Straightedge and compass constructions

[raman22feb1988]

Straightedge and then compass constructions

WIMS website: http://wims.unice.fr/wims/wims.cgi has many interesting mathematical tools.
Online calculators, interactive exercises, mathematical recreations.

Go to the ruler and compass section: It is equipped with many constructions. What lengths can you construct relative to a given length, with only a straightedge and compass? What regular polygons can you construct given the center and a vertex of the polygon? Straightedge is a ruler with no markings in it.

With straightedge and compass:
You can mark a random point on paper.
You can draw a line, line segment or ray between two points.
You can draw a circle with two points, center as first point, radius as distance between two points.
Mark the intersection of two lines, two circles or a line and circle.
Hide any unwanted points, lines or circles.

Marking up the middle of any two points, and then drawing perpendicular bisector of line segment are quite obvious from within these facilities. Bisection of angle is also possible.

Solution:
You can construct lengths of square roots of any integers. In a right angled triangle, the square of hypotenuse is the sum of squares of the other two sides.
You can divide a line segment into any number of equal parts. Suppose that you want N equal parts, take a parallel line with N+1 points that are equally spaced. Project the old line segment with this parallel line, with the end points of the line corresponding to the end points of the old line segment.

Regular polygons:
It is obvious to construct a regular polygon of 2N sides from a polygon of N sides, by bisecting the angles of the polygon.
You can construct equilateral triangle, in which the altitude is sqrt(3)/2 times its side. Note that altitude also bisects one of its sides.
A square is quite trivial to be constructed up, right?
A regular pentagon is possible, in which each angle is 108°. cos 72° = [sqrt(5)-1]/4.
Regular hexagon is possible from equilateral triangle, regular octagon is possible from square, and so on.
A regular polygon of 15 sides is possible from equilateral triangle and regular pentagon. Place their vertices over a circle, with one vertex of each coincident. Then, there exists atleast one vertex of triangle and one vertex of pentagon which are the adjacent vertices of the 15 sided regular polygon.
Though a regular polygon of 18 sides cannot be constructed from equilateral and regular hexagon because of the fact that 3 and 6 are not co-prime numbers.
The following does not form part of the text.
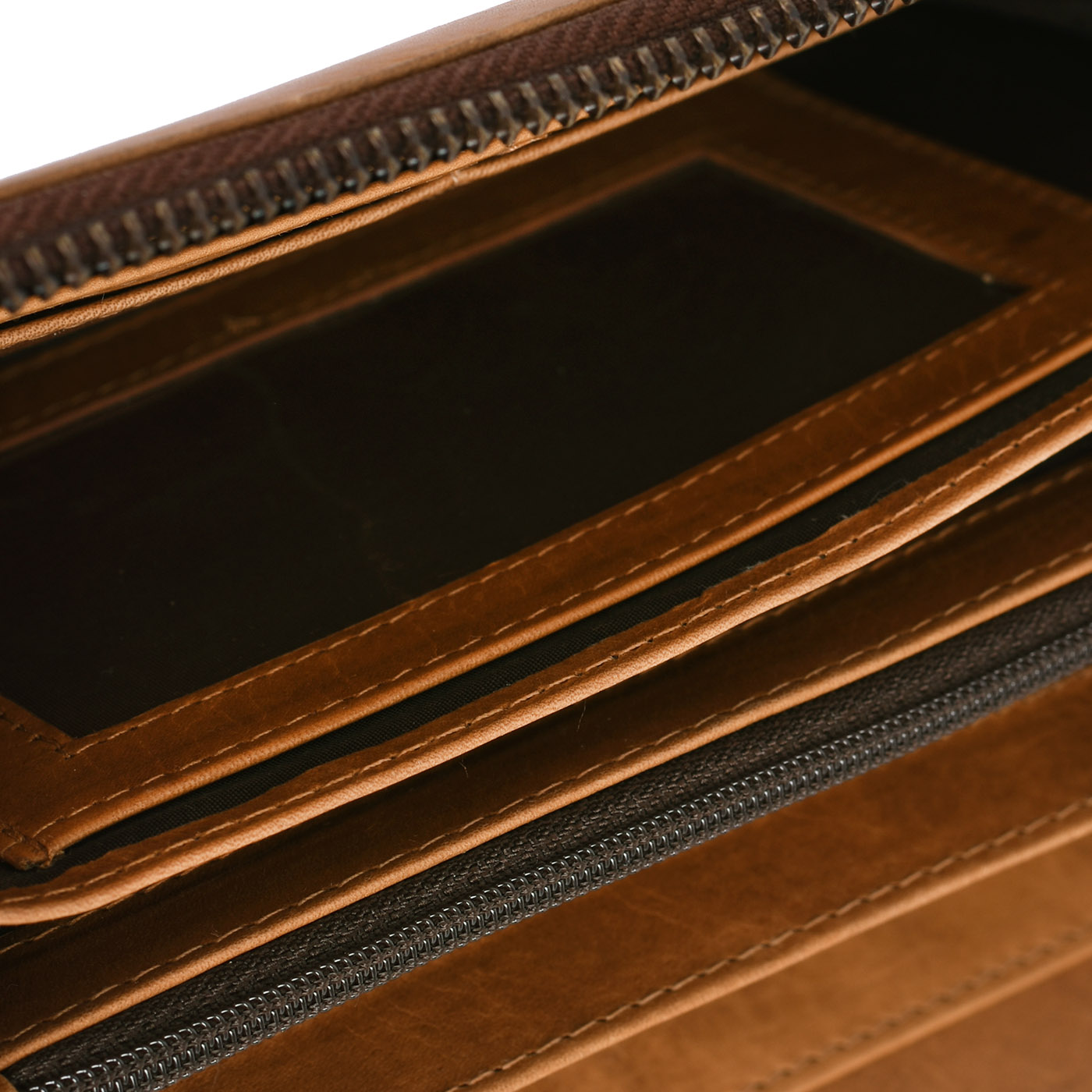 Se închide cu fermoar metalic de înaltă calitate, pe toată lungimea sa. Cu siguranță veți aprecia dotarea sa complexă, cu compartimente pentru cărți de credit, cărți de identitate și alte acte de identitate. În interior există și un buzunar pentru monede care poate fi închis cu fermoar. Sigla BUSHMAN în relief pe față.

In 1796, at the age of 19, Gauss realized that it is possible to construct a regular polygon of 17 sides by using only straightedge and compass.

A regular polygon of N sides can be constructed with straightedge and compass if and only if N is a power of 2 times 4 or product of one or more distinct prime Fermat Numbers.
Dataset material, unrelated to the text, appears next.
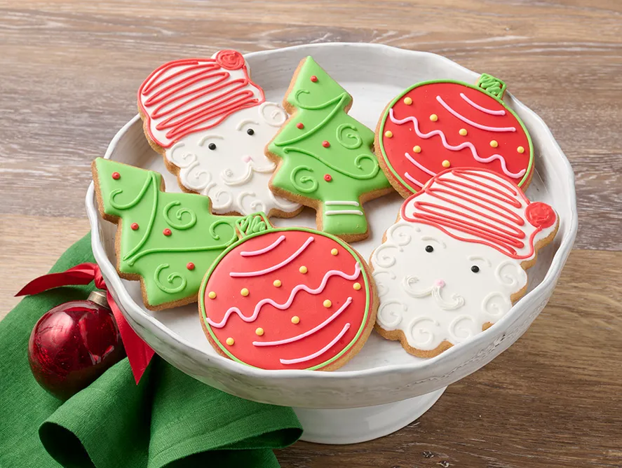 Can it be Christmas without Christmas cookies? If you can bring yourself to share them, our exclusive Hand-Decorated Christmas Cookies are a great way to impress Santa on Christmas Eve! Bakery-fresh, melt-in-your-mouth traditional sugar cookies are carefully cut out in Santa, Ornament and Christmas Tree shapes (two of each), then intricately decorated by hand in holiday colors of red, green and white. Almost too pretty to eat (but you won’t be able to help yourself)!

The only known Fermat primes are 3, 5, 17, 257 and 65537. Then, there exists no more Fermat prime till 2^(2^32)+1 at all.
A length X relative to a given length can be constructed by using straightedge and compass, if and only if X is an element of quadratic extension field of rational numbers. This means that X is a root of an irreducible polynomial equation with rational coefficients, whose degree is a power of 2.

Note that cos (360/7)° is a root of the irreducible cubic 8x^3+4x^2-4x-1 = 0, and then that cos (360/9)° is a root of the irreducible cubic 8x^3-6x+1 = 0, so it is evident that these lengths cannot be constructed because the degree of the irreducible polynomial is 3, which is not a power of 2.
Note that there also exist some real numbers, which do not satisfy any polynomial equation with rational coefficients at all. These are called transcendental numbers. Pi and e are examples of transcendental numbers. Other irrational numbers are algebraic. Lengths of transcendental numbers also cannot be constructed with straightedge and compass only.
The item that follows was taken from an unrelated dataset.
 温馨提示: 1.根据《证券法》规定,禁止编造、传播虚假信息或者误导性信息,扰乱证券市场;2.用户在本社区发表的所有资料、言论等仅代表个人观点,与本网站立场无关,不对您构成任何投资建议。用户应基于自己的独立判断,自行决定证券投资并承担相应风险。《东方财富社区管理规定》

We can construct any rational length times a given length, because you can make any number of copies of the given length, and then you can divide up the given length into any number of equal parts.
A square root of any given length is possible, with the unit length. Take a line segment of given length plus the unit length. Draw a semicircle with this length as a diameter. Let P be a point, unit length away from the edge of this length. Then, the perpendicular distance between P and the semicircle arc gives up the square root of the given length. In this way, we can construct a length of fourth root of 2 from the square root of 2.
If you want to construct lengths which are roots of the quadratic equation x^2-ax+b = 0, then take up the coordinates of (a,b) and then mark up the coordinates of (0,1) too, as well. Draw up a circle with (a,b) and then (0,1) as the end points of the diameter. Then, the points where this circle cuts up the X-axis gives up the coordinates of the roots of this given quadratic equation.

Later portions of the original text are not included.